Im normalen Fahrbetrieb ohne starke Lastanforderung ist der BMW i4 M50 meist als Hecktriebler unterwegs, denn der vordere E-Motor wird nur bei entsprechendem Bedarf hinzugeschaltet. Da die Aktivierung völlig lautlos und innerhalb von weniger als 100 Millisekunden erfolgt, sind damit keinerlei negative Effekte verbunden. Funktionen wie diese tragen dazu bei, dass der i4 durchaus sparsam bewegt werden kann: Wer nicht permanent Vollgas gibt, kann mühelos Praxis-Reichweiten von weit über 400 Kilometern erreichen.

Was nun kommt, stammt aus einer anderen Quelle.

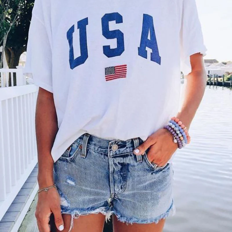 Футболка женская с буквенным принтом США, Свободный Повседневный винтажный топ с коротким рукавом, шикарная уличная одежда в стиле Харадзюку, на лето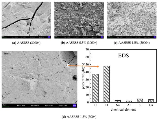 To further clarify the effect of NaSt on the pore structure of AASRSS, the microstructure was observed using SEM, and the results are shown in Figure 9. It can be clearly observed that, on one hand, with the incorporation of NaSt, the microcracking of AASRSS was reduced significantly; on the other hand, the matrix became denser and a large amount of micro-closed pores formed inside the specimen (darker part). EDS was used to determine the elements on the surface of the AASRSS pore wall. Since light elements such as C and O are sometimes difficult to detect due to their low energy, using EDS for light elements increases the acquisition time and reduces the acceleration voltage. To avoid the interference of C elements in air, we minimized the contact between the sample and air during the sample preparation. The EDS results show that the AASRSS pore wall contains a large amount of C elements. The trace carbonization that occurs during the sample preparation process should not produce so many C elements. Thus, the EDS results indicate that the pore wall is covered with a wax-like layer of a NaSt compound, which has hydrophobic groups [33]. All these together result in a decrease in the water sorptivity of AASRSS with the incorporation of NaSt.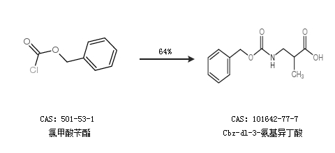 2.通過(guò)氯甲酸芐酯合成Cbz-dl-3-氨基異丁酸,收率約64%;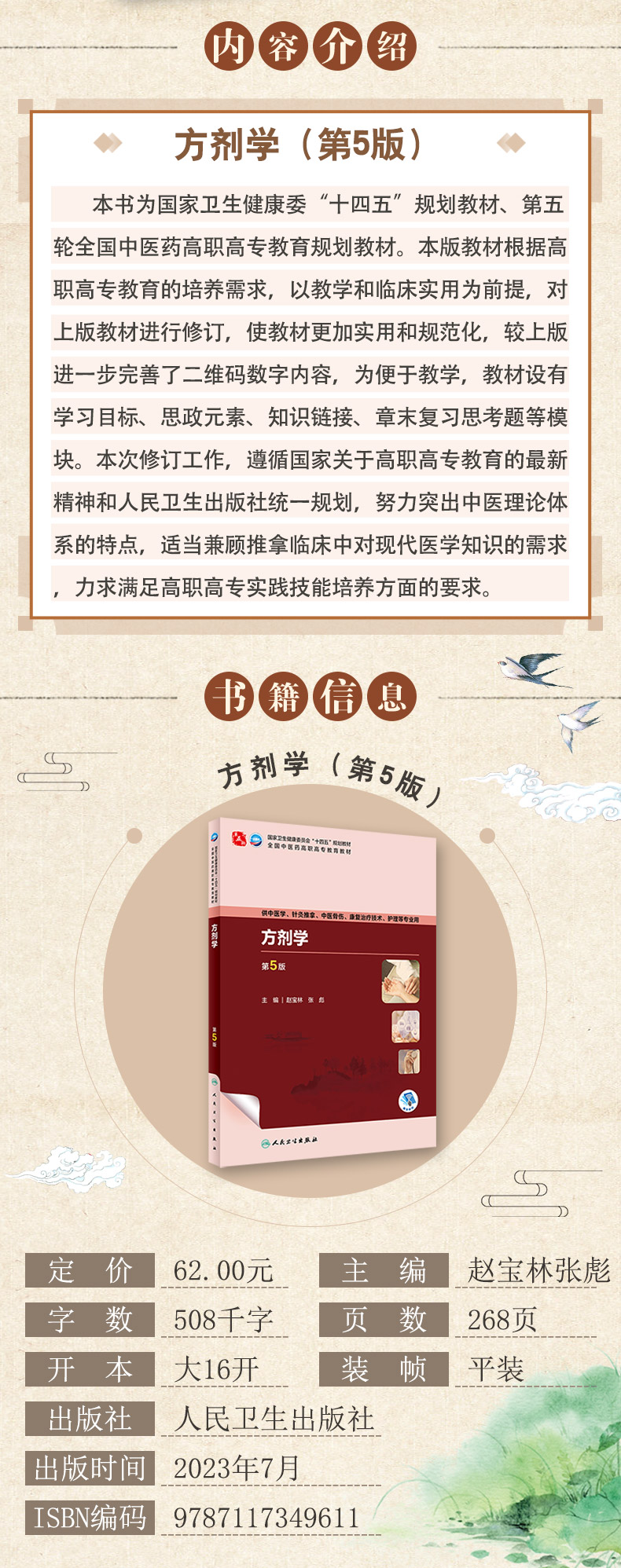 方剂学 第5版 赵宝林 张彪 十四五规划 全国中医药高职高专教育教材 供中医学针灸推拿护理等专业用 人民卫生出版社9787117349611

Unterm Strich ist der BMW i4 M50 sicher kein Auto, von dem sich 100 Prozent der M3-Kunden überzeugen lassen werden. Er liefert aber einen Vorgeschmack auf die elektrische Zukunft künftiger M3-Generationen und deutet schon jetzt an, wie rasant es dann zugehen wird. Wie bei einem M340i oder M440i ist das Streben nach uneingeschränkter Alltagstauglichkeit und hohem Restkomfort ständig spürbar, die Radikalität und Vehemenz eines M3 oder M4 ist dem i4 fremd. Er ist zwar jederzeit bereit, scheinbare physikalische Grenzen einzureißen – aber so lange man ihn nicht danach fragt, drängt er seine Leistungsbereitschaft niemandem auf. Vielleicht ist er gerade deshalb die Ultimate Electric Driving Machine: Im lautlosen Alltag ein fast schon unauffälliger Understatement-Sportler, aber auf Wunsch jederzeit brutal schnell.